Even though the market as a whole is recovering, Chainlink’s price is still stuck in a downward pattern, which makes people worry about its future. The price of Chainlink (LINK) has gone up 3.6% in the last 24 hours, and it is now worth $10.50. But technical signs show that the asset is still in a Bear Pennant, which is a bearish continuation pattern.
The rise in open interest (OI) of 0.91% and the price rise of 3.88% show that traders are still optimistic. However, on-chain measures show a different picture. It’s scary how different traders’ feelings are from what’s happening on the chain.
Chainlink Break Above $10.85 Critical
Messari Research says that Chainlink’s on-chain volume has dropped to a monthly low of $46.1 million. The only time this didn’t happen was when the market crashed on August 5. This drop says that there isn’t much going on in the blockchain, even though futures and spot traders are keeping the price stable.

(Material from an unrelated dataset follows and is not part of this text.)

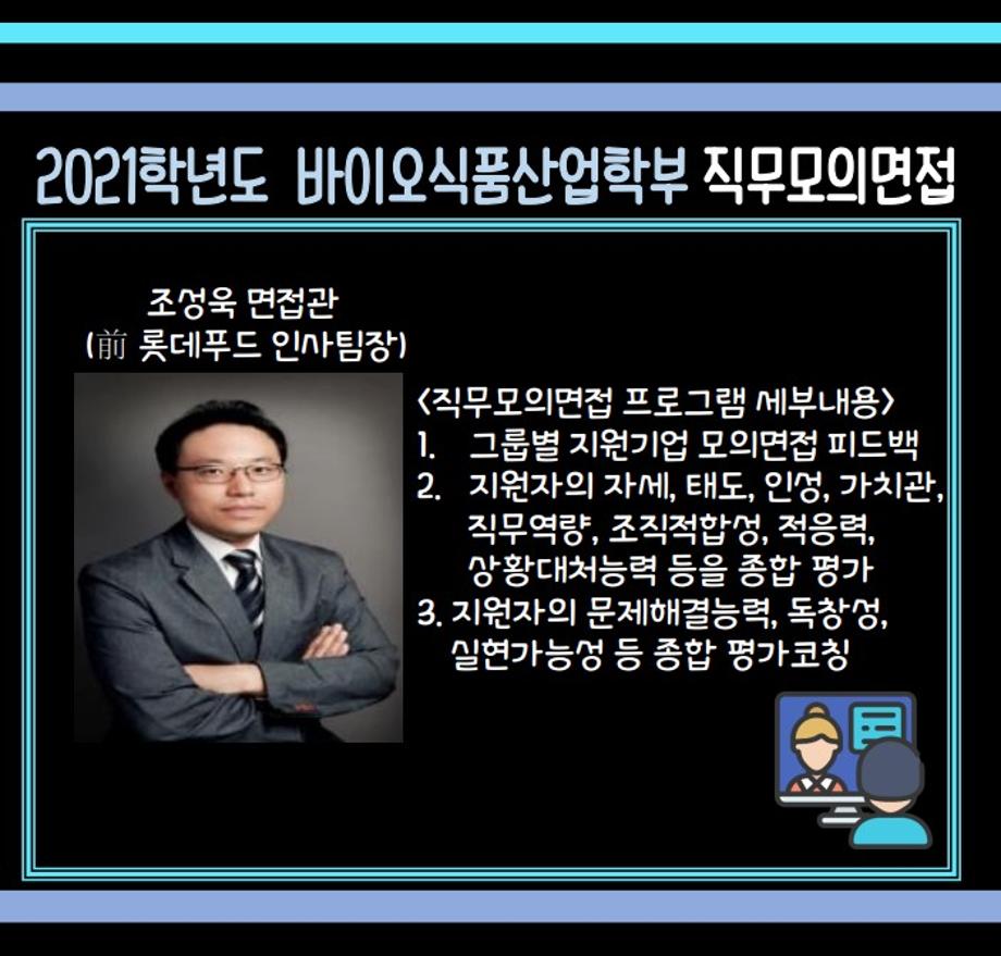 본문 시작 홈으로 학부소개 학부소개 진로·취업 교육과정 커뮤니티 대학원 입학상담 홈페이지가이드 갤러리 학부비전 학부장 인사말 학부연혁 학부장점 교수소개 교육시설 MOU 체결 갤러리 갤러리 페이스북 트위터 프린트 2021 직무모의면접 바이오식품영양학부 2380 2022-01-24 2021 직무모의면접 목록 이전2021 메디푸드개발 랜선조리경연대회 다음 2022 새내기 두드림 행사 만족도조사 만족도 조사 이 페이지에서 제공하는 정보에 대하여 만족하시나요? 매우만족 만족 보통 불만족 매우불만족

The price of Chainlink is at a very important point. If the Bear Pennant pattern comes true, LINK could find support at $10.49. If the price keeps going down, it could reach $9.00 or even $5.50, which would be a 47% drop from where it is now.
The bearish view is supported by technical indicators. All of the exponential moving averages (EMAs) are going down, and LINK is selling below all of them. The Stochastic RSI is also in the overbought area, which suggests that there may be a short-term pullback or a continued downward trend. The fact that the %K and %D lines are coming together points to a possible bearish crossing.
But if LINK can break above $10.85, it could make the Bear Pennant useless and change the view to a more bullish one, with $12.04 and $14.50 acting as resistance.